To cycle or not to cycle?
“Cycle in Jersey? I’d rather take my chances with a red-kneed tarantula thanks…” This was the response of a friend recently visiting our emerald isle. “What about our green lanes, surely you’d feel safe there?” I responded, confident that he hadn’t discovered over wonderful network of quiet roads, where cyclists and walkers have priority.” “You’re just a sitting duck on those roads,” came the reply.
As an avid cyclist, I love nothing better than exploring Jersey on my non-motorised two wheeled transport, and after the recent installation of a shower at work, I’ve finally run out of excuses not to ditch the car for my daily commute.
But I concede the journey can be challenging, not just because of my current lack of fitness but due to the attitude of other road users.
My commute runs from Grouville to Trinity taking in a combination of major and minor roads and green lanes. Rue de Francheville is the section I dread most each day. This fairly straight stretch connects Grouville to La Hougue Bie and is edged with unforgiving granite walls. There are a few well-spaced passing spaces, which seem to make drivers assume Michael Schumacher characteristics in their determination to be the one not to stop. I know, I’ve caught myself doing it. The knack is to not make eye contact and keep driving, James Dean style, ignoring the white knuckles of your ‘opponent’. This is all very well when you’re surrounded by large metal box, but very unnerving when exposed to the elements on a bike. With regularity I’ve found myself squeezed into the hedge, beeped at, revved at and generally abused for daring to take up space on the highway.
On Green Day, the last Friday of September each year, the Gerard Le Claire Environmental Trust asks Islanders to wear something green and make a donation to the work of the Trust, but just as importantly try to encourage folk to take a temporary break from their cars and for one day think about how they get to work or school; to leave the car at home and take bus, cycle or walk instead.
I frequently read letters in the JEP from drivers bemoaning the actions of cyclists and vice versa. Polemic arguments that seem to have no understanding of the other’s point of view - never the twain shall meet. I believe there are some tips that would help drivers and cyclists have a better understanding and live more harmoniously. For some this may be teaching a granny to suck eggs, but this is my chance in the hotseat, so here are a few of my bugbears:
Cycle positively! Don’t hide in the hedge, you’ll end up with your tyres caught in a drain or over the bonnet of a car. Many junctions in Jersey are such that cars need to edge out to get a good enough view to be able to pull out.
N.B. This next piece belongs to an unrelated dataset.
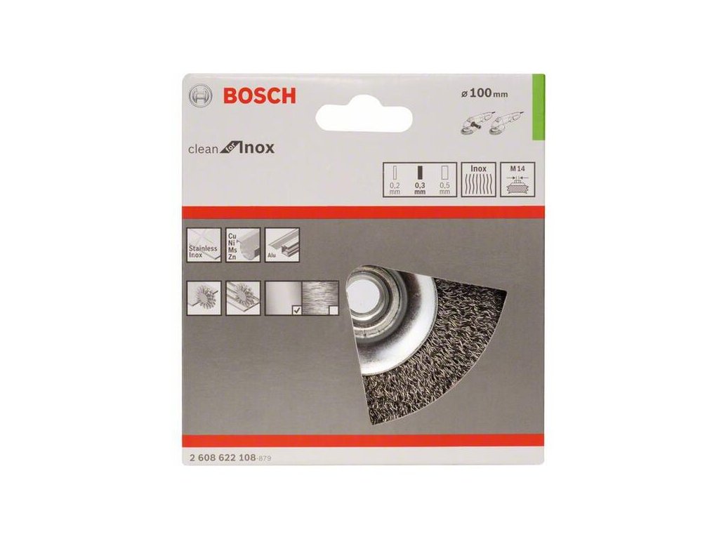 Bosch Drôtená kefa kužeľová vlnitá nehrdzavejúca oceľ nehrdzavejúca D100mm 0,35mm M14 2608622108

Allow traffic to pass! there is nothing more annoying as a driver than to be stuck in a long line of traffic behind a cyclist.
Indicate in plenty of time! This applies to both car drivers and cyclists. I know you know where you’re going, but no one else has a clue. The typical Jersey driver more often than not indicates as an afterthought – by which point the average cyclist is half way up the verge or the car driver has had to perform a …
Don’t undertake! Drivers are not expecting you to pass on their nearside, so it’s hardly surprising you get squashed against the kerb.
I could go on about not riding the wrong way down one way streets or in pedestrianised areas, but I do have a word limit.
And a few tips for drivers:
I hope you participate in this year’s Green Day, but if, for whatever reason, you do still need to use your car on that day, please spare a thought for those who are taking on this brave task. With a bit of mutual consideration the roads should be a happier place for all of us.